Required fields: input, actual_output, expected_output, retrieval_context

from deepeval import assert_test
from deepeval.metrics import ContextualRecallMetric
from deepeval.test_case import LLMTestCase

def test_contextual_recall():
    """Retrieved docs cover all facts from expected answer."""
    test_case = LLMTestCase(
        input="What are symptoms of flu?",
        actual_output="Flu symptoms include fever, cough, and body aches.",
        expected_output="Flu symptoms: fever, cough, body aches, fatigue.",
        retrieval_context=[
            "Influenza symptoms include high fever, persistent "
            "cough, muscle and body aches, and extreme fatigue.",
        ],
    )
    metric = ContextualRecallMetric(threshold=0.7)
    assert_test(test_case, [metric])

Metric 5: Contextual Relevancy

What it checks: Are ALL retrieved documents relevant to the question?

How it works: The judge reads each document in retrieval_context and checks if it is relevant to the input. If you retrieved 3 documents but only 1 is useful, the score will be low.

Required fields: input, actual_output, retrieval_context

from deepeval import assert_test
from deepeval.metrics import ContextualRelevancyMetric
from deepeval.test_case import LLMTestCase

def test_contextual_relevancy():
    """All retrieved documents are relevant to the question."""
    test_case = LLMTestCase(
        input="How does photosynthesis work?",
        actual_output="Plants convert sunlight into energy using chlorophyll.",
        retrieval_context=[
            "Photosynthesis is the process where plants use sunlight, "
            "water, and CO2 to produce glucose and oxygen.",
            "Chlorophyll in plant leaves absorbs light energy "
            "to drive the photosynthesis reaction.",
        ],
    )
    metric = ContextualRelevancyMetric(threshold=0.7)
    assert_test(test_case, [metric])

The RAG Triad (Referenceless Evaluation)

If you do NOT have expected_output (no ground truth), you can still evaluate RAG using three metrics that need only input, actual_output, and retrieval_context:

Answer Relevancy — is the answer relevant to the question?
Faithfulness — does the answer use only facts from the documents?
Contextual Relevancy — are the retrieved documents relevant?

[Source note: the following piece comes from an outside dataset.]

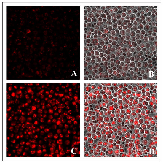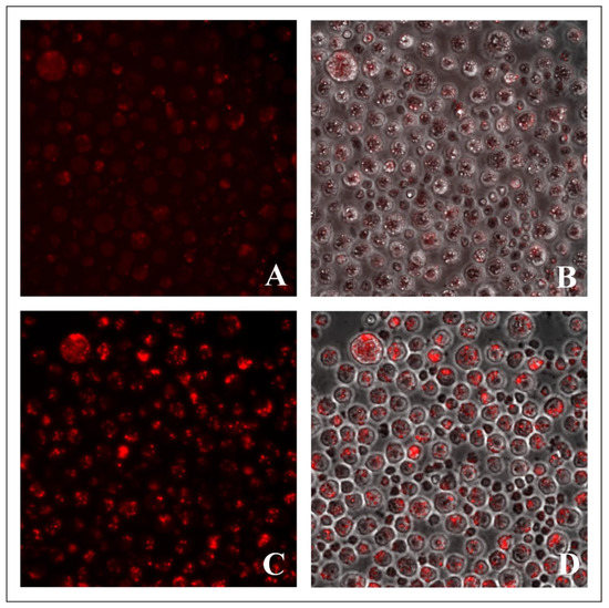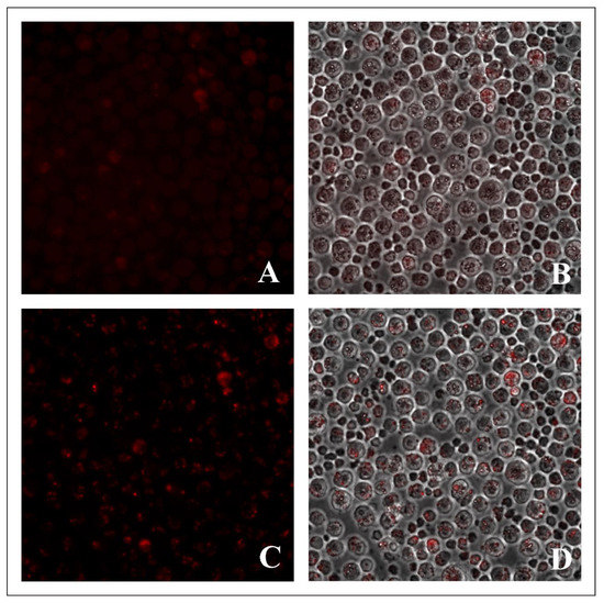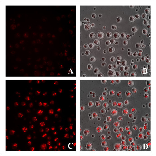 The most intense fluorescence was observed in ascites carcinoma cells, when treated with 100 μM BODIPY for 24 h. In this case, the visualized cells’ fluorescence spread to most parts of the cytoplasmic volume (Figure 8C,D), which indicates that the number of intracellular elements stained with the dyes had significantly increased; in addition, the observed fluorescence may have been the result of the fusion of intracellular vacuolar structures, containing BODIPY.

from deepeval import evaluate
from deepeval.metrics import (
    AnswerRelevancyMetric, FaithfulnessMetric, ContextualRelevancyMetric,
)
from deepeval.test_case import LLMTestCase

test_case = LLMTestCase(
    input="How long can I stay after graduation on F-1 visa?",
    actual_output="You can stay up to 60 days after completing your degree.",
    retrieval_context=[
        "F-1 visa holders may stay for 60 days after degree completion."
    ],
)
evaluate(
    test_cases=[test_case],
    metrics=[
        AnswerRelevancyMetric(),
        FaithfulnessMetric(),
        ContextualRelevancyMetric(),
    ],
)

The evaluate() function runs all metrics on all test cases in bulk. Use it instead of assert_test when evaluating datasets (not pytest).

RAG Metrics Summary Table

Metric	Question It Answers	Required Fields
Answer Relevancy	Is the answer relevant to the question?	input, actual_output
Faithfulness	Does the answer only use facts from docs?	input, actual_output, retrieval_context
Contextual Precision	Are relevant docs ranked higher?	input, actual_output, expected_output, retrieval_context
Contextual Recall	Did we find ALL needed info?	input, actual_output, expected_output, retrieval_context
Contextual Relevancy	Are ALL retrieved docs useful?	input, actual_output, retrieval_context

RAGAS Metric (ragas library wrapper)

DeepEval also includes RagasMetric — a wrapper that averages all four RAG metrics from the ragas library. Install with pip install ragas. DeepEval's native RAG metrics above are recommended instead (debuggable, JSON-confineable, better ecosystem integration). See Part 18 for details.